Al Drago’s Remote Shot: A Sign of Things to Come?

President Barack Obama speaks at a news conference in the James Brady Press Briefing Room at the White House in Washington on Monday. “My role is to make sure that when I hand off this White House, that it is in the best possible shape.” Al Drago /The New York Times

It’s tempting to focus on the gesture in this photograph. How has Trump changed how Western politics understands physicality? How has he pushed his supporters and his critics to brasher, more vulgar bodily expression, and how have photojournalists embraced it?

This past campaign season could be defined by saliva.

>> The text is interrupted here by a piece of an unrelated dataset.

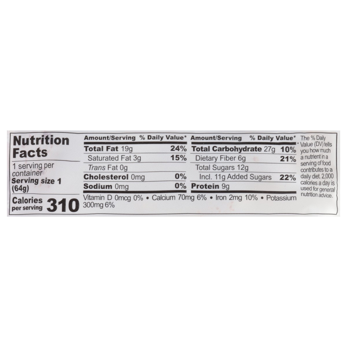 Almond Butter, Agave, Gluten-Free Rolled Oats, Sunflower Seeds, Flax Seeds, Pumpkin Seeds, Almonds, Dark Chocolate (Cane Sugar, Chocolate Liquor, Cocoa Butter, Vanilla Powder), Coconut.

Damon Winter/The New York Times; Evan Vucci/Associated Press; Rick Wilking/Reuters

But the first thing we actually notice in the photo, perhaps unconsciously, is not the gesture but the (literal) angle. We’re not used to this view of a room which we’ve been exposed to at head height or lower so many times before. The podium, normally a respectable, solid, wooden object, is revealed in plastic interfaces. We see beyond the binder cover into its three-ring humility. And Obama is neither looking at us nor past us—we are looking down at him.

A view from above should, and is designed to, reveal truth. Surveillance drones and satellite mapping tell us what our world “actually” looks like; we put glass in the sky and reflect God’s view back down to our eyes.

The media got this election wrong—they admit to it. So is this photograph telling us to trust them again? Showing off their ability to peek behind the curtains of state propaganda, even before the administration changes? Is this what we can expect—what we want to see in a post-Trump image-world?